System crashes and power failures are facts of life, and a well-
engineered file system should limit, not exacerbate, their damage to
user data.
In the name of performance, the ext4 file system as it was bundled
with the alpha version of Ubuntu would delay the allocation of blocks
on the disk for a file so that they can be allocated contiguously
together when needed. Periodically the system forces allocation of
blocks and commits them to the disk; by default, this happens on
sixty-second intervals. But the ext4 file system would sometimes
commit renames to the journal before allocating blocks for the new
data, during a sixty-second window. If the system crashes, and the
journal is replayed, then the rename may be applied -- before the new
data are written to the disk. This effectively reorders the sequence
that many applications rely on to atomically replace files,
destroying its atomicity.
The developers of the ext4 file system answered with several
`solutions': [2], [3]
(1) make your systems more reliable with UPSs and by avoiding buggy
proprietary drivers that cause such frequent crashes, which the
developers of the ext4 file system don't encounter;
(2) use SQLite and other databases instead of writing files to disk;
(3) change all the applications that do write files to disk so that
they fsync before closing and renaming; and if that becomes a
performance problem then
(4) run fsync periodically in a separate thread.
Solution (1) is no excuse for a reliable file system, and is a
dangerous sentiment to be held by the developer of a file system
likely to find widespread use in personal computers running Ubuntu,
computers which may not have the resources available in data centres
for reliability. This suggests that the developers of the ext4 file
system have never seriously stress-tested it with forced power cycles
during heavy I/O loads!
About solution (2), and the general feeling of `we like databases!',
I can only refer to jwz's rant about mbox summary files. Technical
merit aside, solutions (2) and (3) are impractical because there are
simply too many programs to change.
Solutions (3) and (4) are disturbingly misguided. Even if it were
practical to change every application's write/rename sequence into a
write/fsync/rename sequence, to do so would be semantically wrong.
Only programs that require a file's data to be written to permanent
storage before proceeding should use fsync; this is what fsync does.

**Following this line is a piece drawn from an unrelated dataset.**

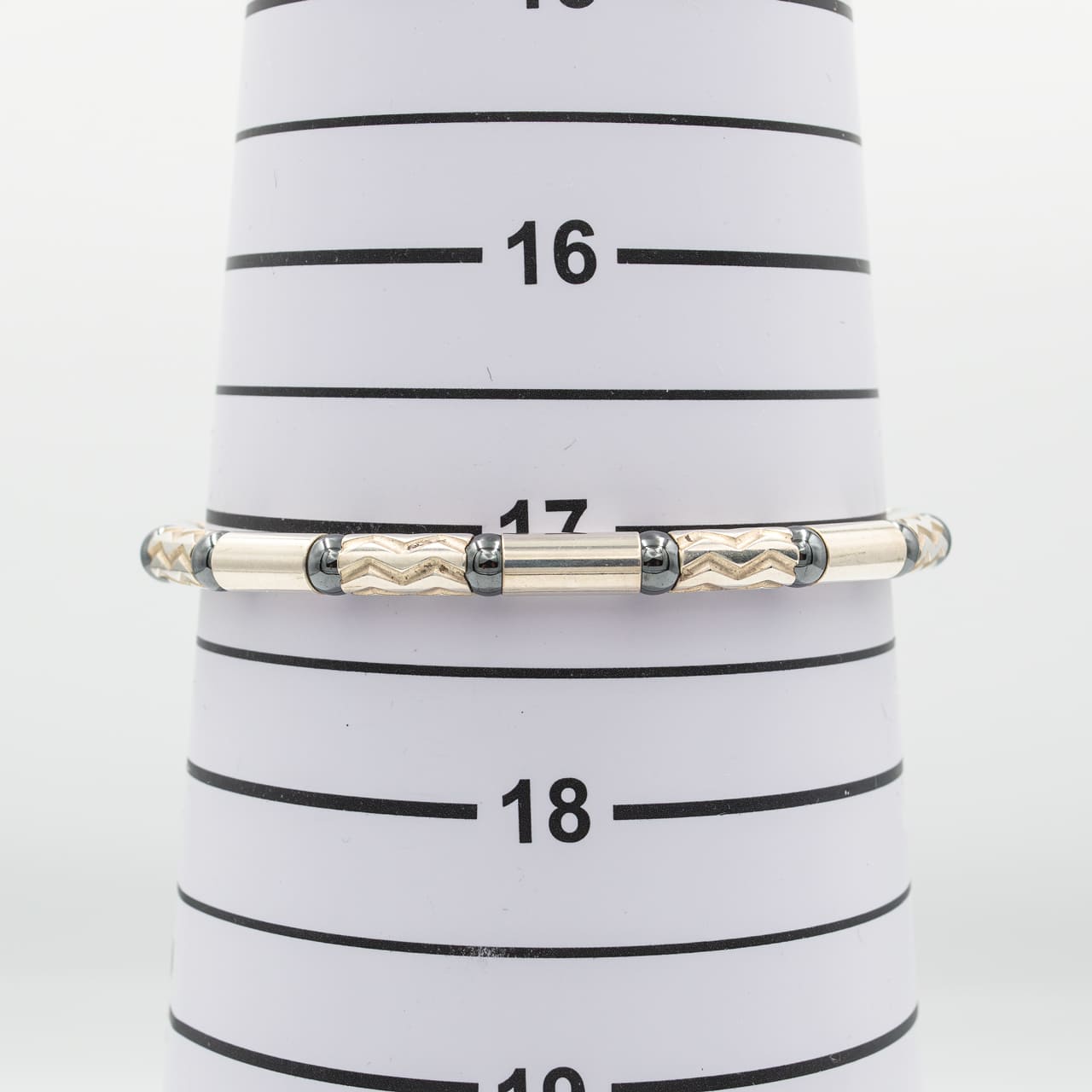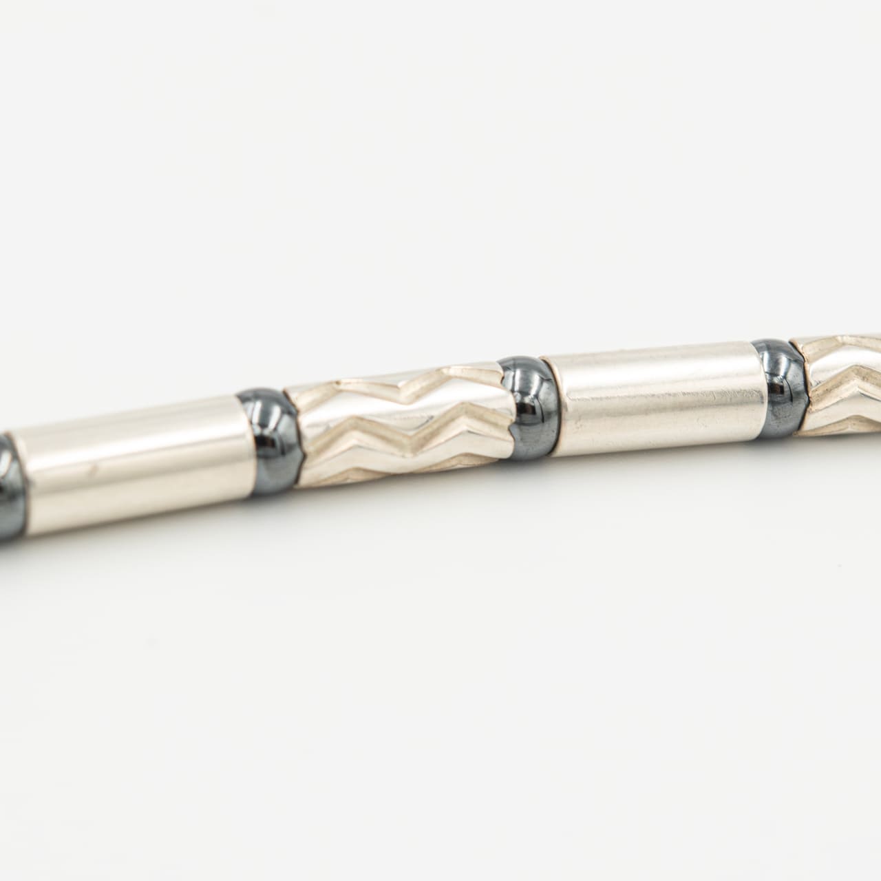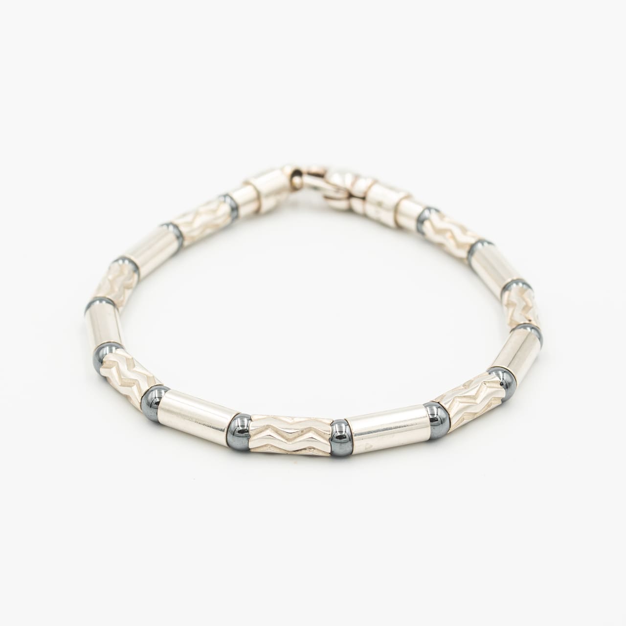 深く刻まれたジグザグ(稲妻状)のエッチングと、シルバーとヘマタイトのビーズが織りなすリズムが特徴のブレスレットです。

For example, editors such as Emacs fsync files before informing users
that the files are written to disk; users are unhappy if the files
that their editors told them were written to disk were not. Mail
receiving agents fsync files where they store mail before telling the
sending agents that the mail has been accepted; users are unhappy if
they are told that mail was delivered when it was not.
Programs that require only that the replacement operation be atomic,
and that it not leave a file in a corrupted intermediate state,
should not use fsync, because the purpose of fsync is to provide a
guarantee which these programs do not need. For example, the KDE
window configuration is not critical user data, but may be stored on
the file system. It is OK for the machine to forget that a user has
dragged a window a few pixels, but it is not OK for KDE to read a
corrupted intermediate state of the file between the old and new
versions -- hence atomic write/rename replacement without fsync.
Extraneous fsyncs, in fact, degrade performance, especially for small
files that are frequently overwritten -- it gives the file system no
opportunity to keep the intermediate versions solely in memory.
Calling fsync periodically in a separate thread is nonsense -- if a
program cannot proceed until a file's data are on permanent storage,
it should call fsync and wait; if a program can proceed, then it
shouldn't call fsync. The operating system already periodically
synchronizes the file system with permanent storage -- at least, one
would hope so; if it doesn't do this, then it has a bug.
Actually, fsync does not guarantee that a file's data are written to
permanent storage before proceeding. POSIX (or at least the SUSv3,
)
claims that it shall:
The fsync() function shall request that all data for the open file
descriptor named by fildes is to be transferred to the storage
device associated with the file described by fildes. The nature of
the transfer is implementation-defined. The fsync() function shall
not return until the system has completed that action or until an
error is detected.
Many man pages echo this sentiment. For example, NetBSD's fsync(2)
man page begins with:
fsync() causes all modified data and attributes of fd to be moved
to a permanent storage device.
But on AIX, Darwin, Linux, NetBSD, and probably other Unices as well,
fsync does not actually guarantee that the file's data are written to
permanent storage. Instead it only nudges the file system to force
some blocks associated with the file slightly sooner. If the file
system is backed by a hard disk device that has a write cache, the
blocks might just end up in the write cache -- which is volatile, and
which may evaporate in the case of a power failure.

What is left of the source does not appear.